Answer completely and concisely. Use diagrams, if you think that will make your answer clearer.

1. 15 points. Please describe the biology of an individual that is heterozygous for a pericentric inversion. Include descriptions of the effects on the heterozygote's own viability and its ability to make gametes. How could such a translocation be created?

2. 10 points. Please describe Hardy/Weinberg equilibrium, the conditions required to maintain it, and the value of this concept to population genetics. Describe the effects on allele and genotype frequencies when each of the assumptions is violated (individually) in a population that is in Hardy/Weinberg equilibrium in all other ways.

Third Genetics Paper, Spring 2006

25 points total. Paper is due at 10:00 a.m. on March 28, 2006.

1. 10 points. Please draw a double stranded DNA molecule that has the sequence 5' AAGCT 3'

on one strand. (This is the entire sequence of one DNA strand. It consists of only these 5 nucleotides. You figure out the sequence of the other strand.) Include all atoms (including hydrogens) and covalent bonds. Indicate roughly where hydrogen bonds are between strands.

2. 15 points. Describe tRNA synthesis and processing in eukaryotes. Include the basic reactions that are common to all RNA synthesis in prokaryotes. How does it differ from the same process in eukaryotes?

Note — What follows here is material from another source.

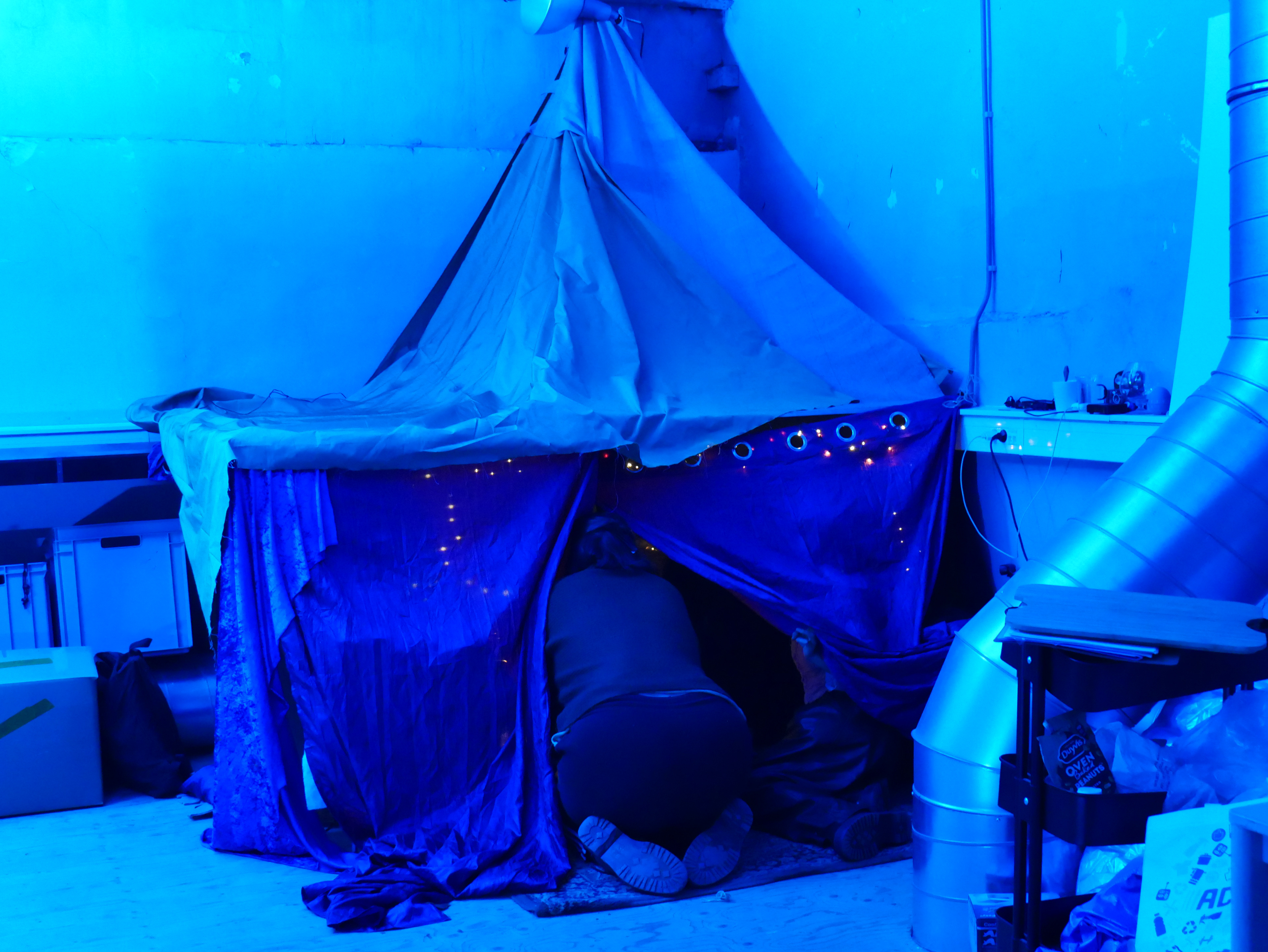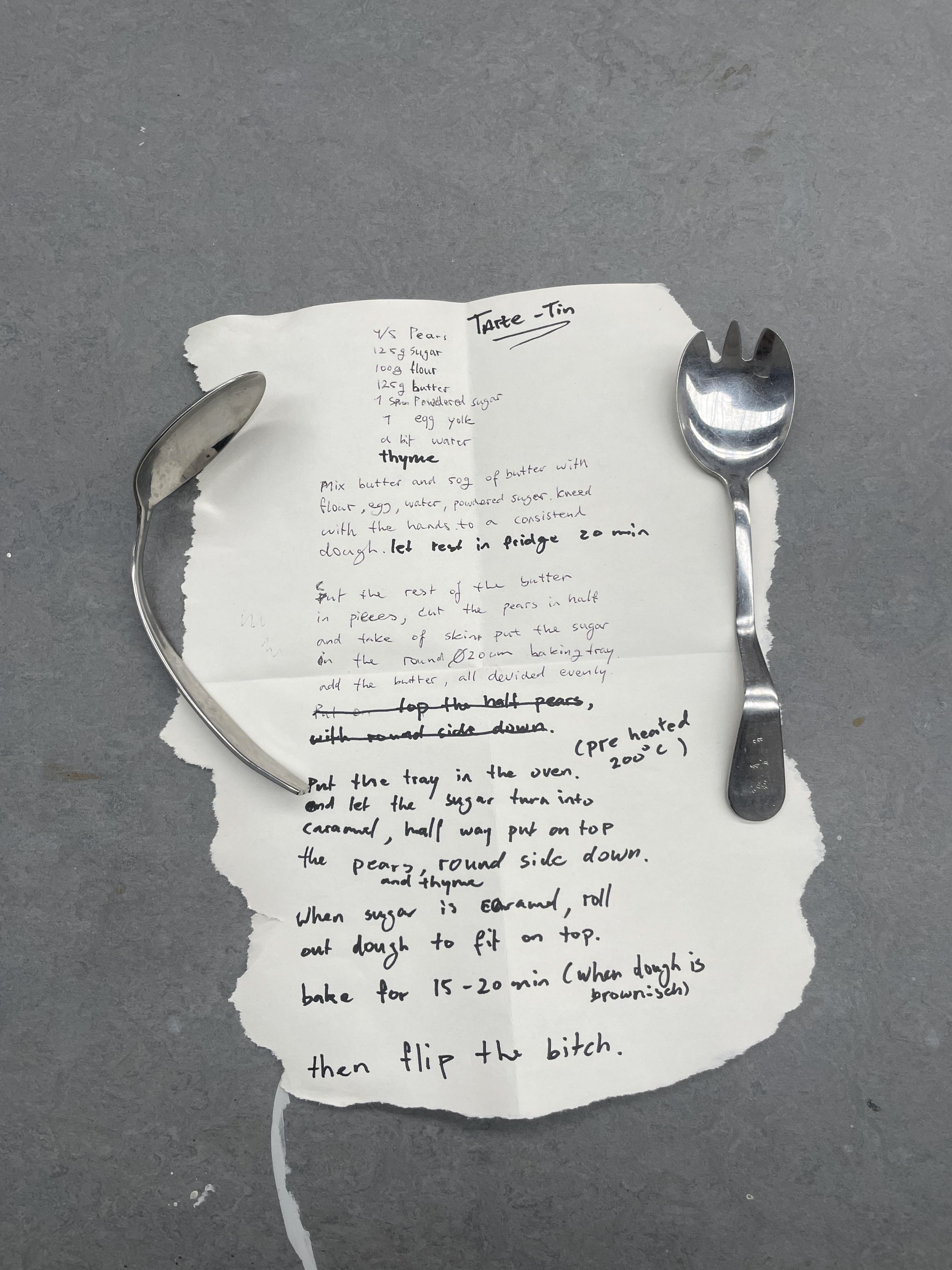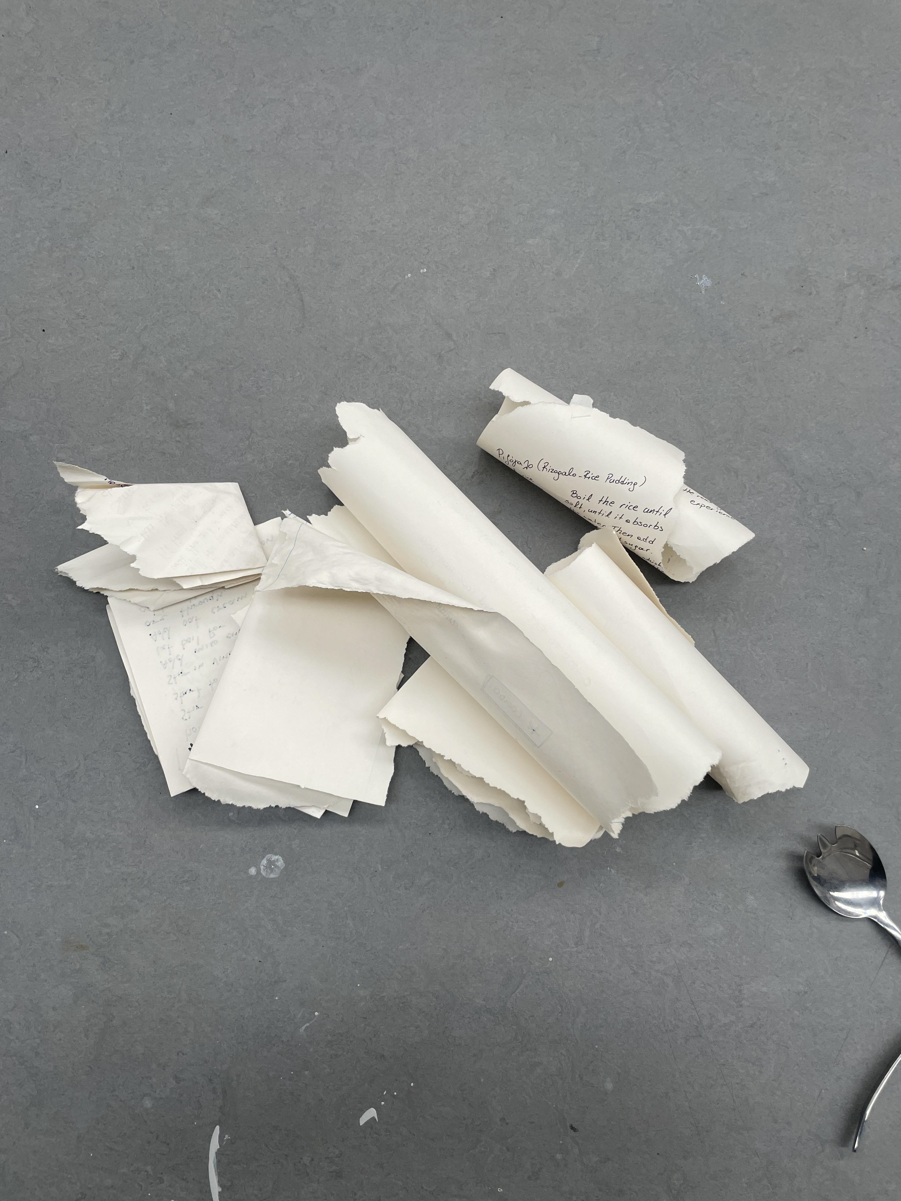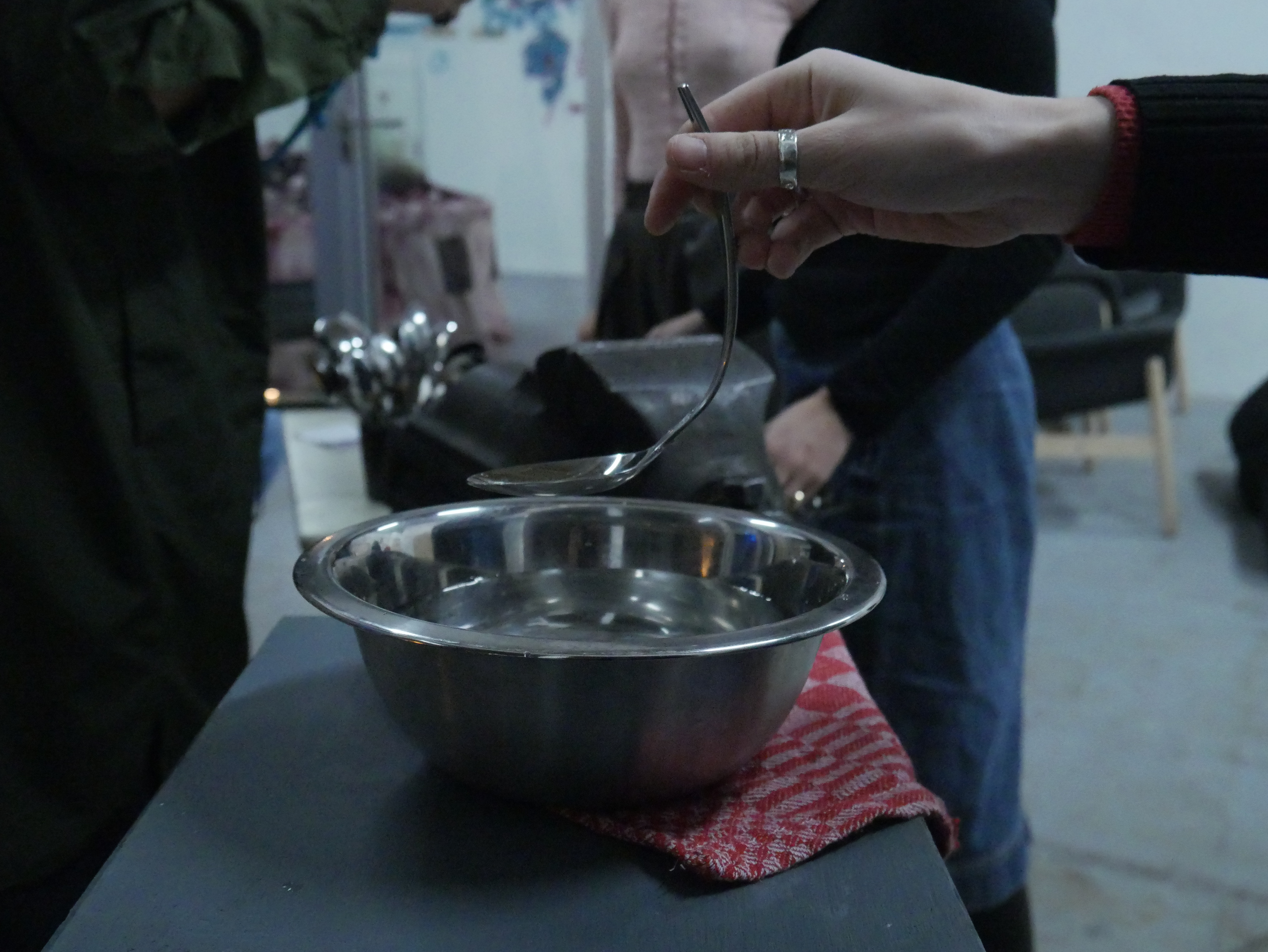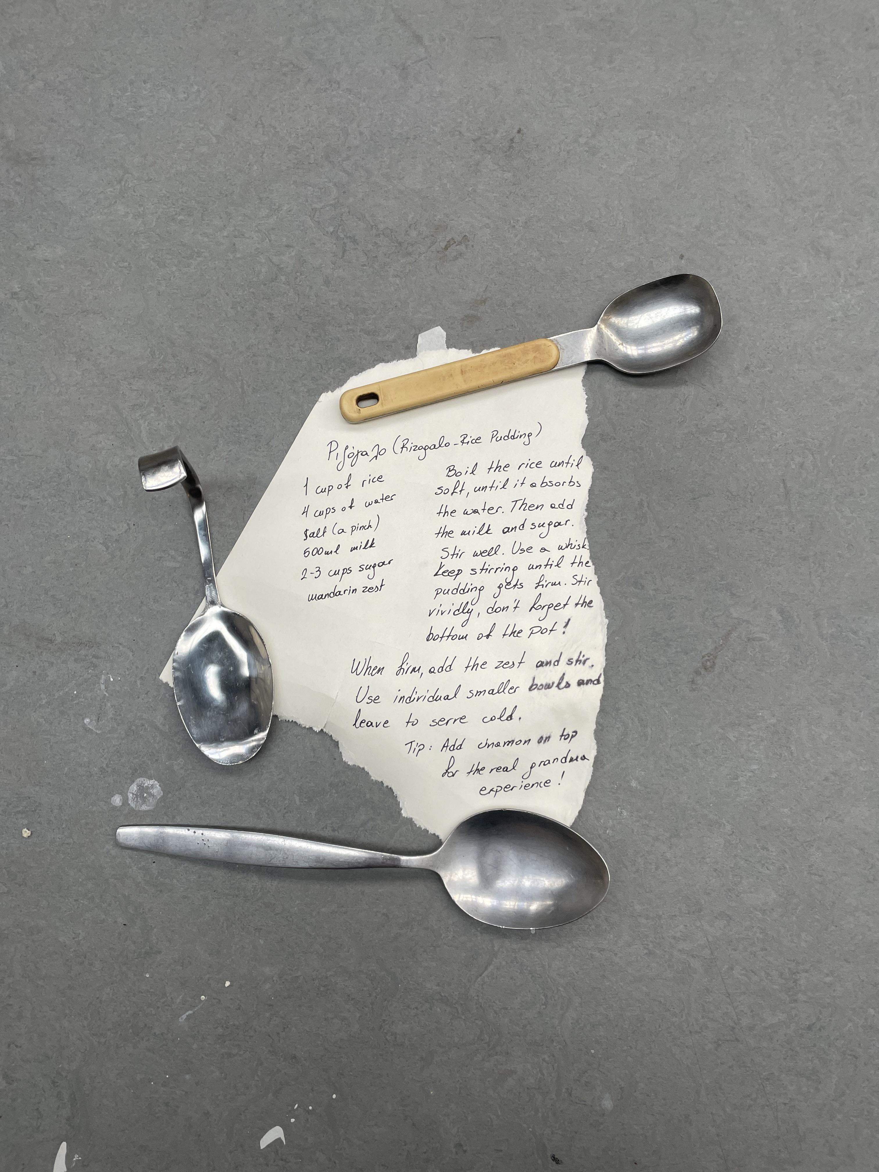 My personal installation invited participants to bring a spoon to leave in the space, a gesture of presence and memory. These spoons now form a communal sculpture that remains in the studio, used daily for lunches and dinners. Over time, this piece continues to grow, as each new generation of scenographers adds their own utensils, expanding the living archive of shared meals and moments.

Last Genetics Paper, Spring 2006

25 points total. Paper is due at 10:00 a.m. on April 25, 2006.

1. Describe the regulatory mechanisms used in the Tryptophan operon. Please describe the organization of the DNA, the purpose of each section of DNA, and all regulatory phenomena and mechanisms. Make sure you describe the purpose of the whole operon, and why that purpose is important to the organism.

Genetics. Sample First test

Sample test answers start on page 14 of the syllabus.

Write your name at the top of each page. Name

This test consists of 7 short answer questions (4 points each), 11 multiple choice questions (4 points each), and 2 problems (14 points each).

For the short answer questions, you must answer the question in 25 words or less. Make it clear, concise, and legible. There is partial credit on short answer questions.

For the multiple choice questions, choose the best answer from those available. Write your answer in the space provided. Only unambiguous answers written in the correct place will count. There is no partial credit on multiple choice questions.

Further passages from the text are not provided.